Blog written by Farifax Cryobank Genetic Counselor Suzanne Seitz, MS

A client I spoke to recently found out that she was a carrier for a genetic disease. Her doctor was doing the routine screen as part of her pre-pregnancy work-up. She was certainly surprised by the result as she had no family history of the disease. Recessive diseases are often like that, hidden from view until they pop up suddenly. Luckily for her she knew about it ahead of time and could make sure that the biological father was tested. If he was negative, the risk for her child would be greatly reduced and as close to zero as possible. Being a single woman, she planned to use a sperm donor.
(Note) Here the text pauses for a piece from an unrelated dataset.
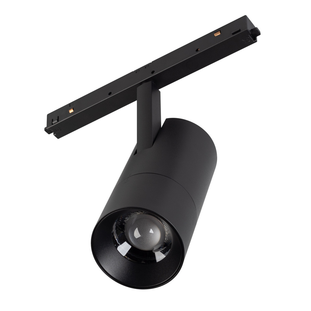 Светильник для магнитных треков MAG-ORIENT шириной 26 мм. Мощность 15 Вт, св. поток 1100 лм, 73 лм/Вт, дневной 4000 K, CRI>90, угол 34-60°, напряжение питания 48 В. Черный фигурный корпус из металл, экран поликарбонат, степень защиты IP20. Размеры LxWxH 2

We worked through a selection process where she used a donor that could be tested easily and still had plenty of units available. We were able to test one of the donors on her top 3 list. When the results came back negative, she quickly purchased the units she needed and had her procedure.

Although she was initially worried and confused by this added burden to getting pregnant, her relief was significant. Since we all carry some mutations for genetic diseases (it is believed everyone carries between 5-7 recessive genes), we could find ourselves in this situation too. Routine genetic screening does pick up carriers for the most common diseases found in all ethnic groups like cystic fibrosis and spinal muscular atrophy. Or your back ground could make testing certain disease more relevant. African Americans should be tested for sickle cell disease; those of Mediterranean and Asian descent should be tested for thalassemia and Jewish individuals should have an entire panel of disease tested.

And for those that find they are carriers of a genetic disease, we will certainly work with them to find the right donor match. It makes the road to having a healthy baby a bit longer, but it is well worth the detour!